### Task brief
Please set down exactly the lines of the listing below from the line containing "Để chuẩn bị" through the line containing "Pasamos después a", both lines included, leaving out all other lines.

### Given records
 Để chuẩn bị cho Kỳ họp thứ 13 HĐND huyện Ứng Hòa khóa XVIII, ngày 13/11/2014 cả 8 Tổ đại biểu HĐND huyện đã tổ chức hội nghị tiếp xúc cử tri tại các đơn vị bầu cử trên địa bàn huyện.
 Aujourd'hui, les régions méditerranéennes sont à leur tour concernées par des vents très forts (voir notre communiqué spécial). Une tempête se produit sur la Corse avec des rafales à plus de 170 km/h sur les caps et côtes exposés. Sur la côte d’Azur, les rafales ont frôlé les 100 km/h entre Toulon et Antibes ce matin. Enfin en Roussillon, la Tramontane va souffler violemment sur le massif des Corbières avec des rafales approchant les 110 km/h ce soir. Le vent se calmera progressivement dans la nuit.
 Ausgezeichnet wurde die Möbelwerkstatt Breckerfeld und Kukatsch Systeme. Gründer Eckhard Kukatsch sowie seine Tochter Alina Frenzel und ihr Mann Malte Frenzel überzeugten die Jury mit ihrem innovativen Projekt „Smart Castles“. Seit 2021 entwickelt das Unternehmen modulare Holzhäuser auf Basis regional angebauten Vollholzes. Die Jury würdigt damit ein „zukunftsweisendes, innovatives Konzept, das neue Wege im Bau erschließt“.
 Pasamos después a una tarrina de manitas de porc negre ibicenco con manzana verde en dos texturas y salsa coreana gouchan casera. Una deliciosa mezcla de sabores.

---

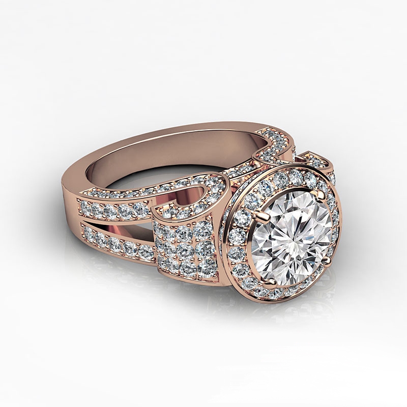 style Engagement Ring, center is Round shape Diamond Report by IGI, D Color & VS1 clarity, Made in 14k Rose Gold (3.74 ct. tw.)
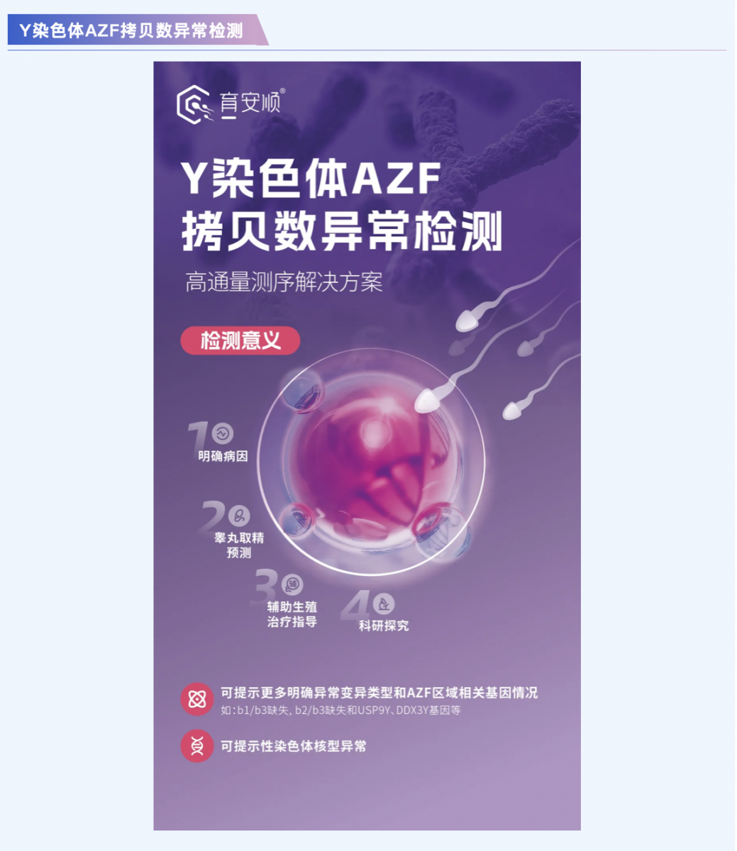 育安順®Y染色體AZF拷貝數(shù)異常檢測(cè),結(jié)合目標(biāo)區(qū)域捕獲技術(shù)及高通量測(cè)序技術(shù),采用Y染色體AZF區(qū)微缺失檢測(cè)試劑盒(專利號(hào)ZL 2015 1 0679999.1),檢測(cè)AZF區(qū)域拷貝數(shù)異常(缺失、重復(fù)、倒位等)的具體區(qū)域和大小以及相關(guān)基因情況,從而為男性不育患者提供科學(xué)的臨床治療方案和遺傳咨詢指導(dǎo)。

### The completed task
 Để chuẩn bị cho Kỳ họp thứ 13 HĐND huyện Ứng Hòa khóa XVIII, ngày 13/11/2014 cả 8 Tổ đại biểu HĐND huyện đã tổ chức hội nghị tiếp xúc cử tri tại các đơn vị bầu cử trên địa bàn huyện.
 Aujourd'hui, les régions méditerranéennes sont à leur tour concernées par des vents très forts (voir notre communiqué spécial). Une tempête se produit sur la Corse avec des rafales à plus de 170 km/h sur les caps et côtes exposés. Sur la côte d’Azur, les rafales ont frôlé les 100 km/h entre Toulon et Antibes ce matin. Enfin en Roussillon, la Tramontane va souffler violemment sur le massif des Corbières avec des rafales approchant les 110 km/h ce soir. Le vent se calmera progressivement dans la nuit.
 Ausgezeichnet wurde die Möbelwerkstatt Breckerfeld und Kukatsch Systeme. Gründer Eckhard Kukatsch sowie seine Tochter Alina Frenzel und ihr Mann Malte Frenzel überzeugten die Jury mit ihrem innovativen Projekt „Smart Castles“. Seit 2021 entwickelt das Unternehmen modulare Holzhäuser auf Basis regional angebauten Vollholzes. Die Jury würdigt damit ein „zukunftsweisendes, innovatives Konzept, das neue Wege im Bau erschließt“.
 Pasamos después a una tarrina de manitas de porc negre ibicenco con manzana verde en dos texturas y salsa coreana gouchan casera. Una deliciosa mezcla de sabores.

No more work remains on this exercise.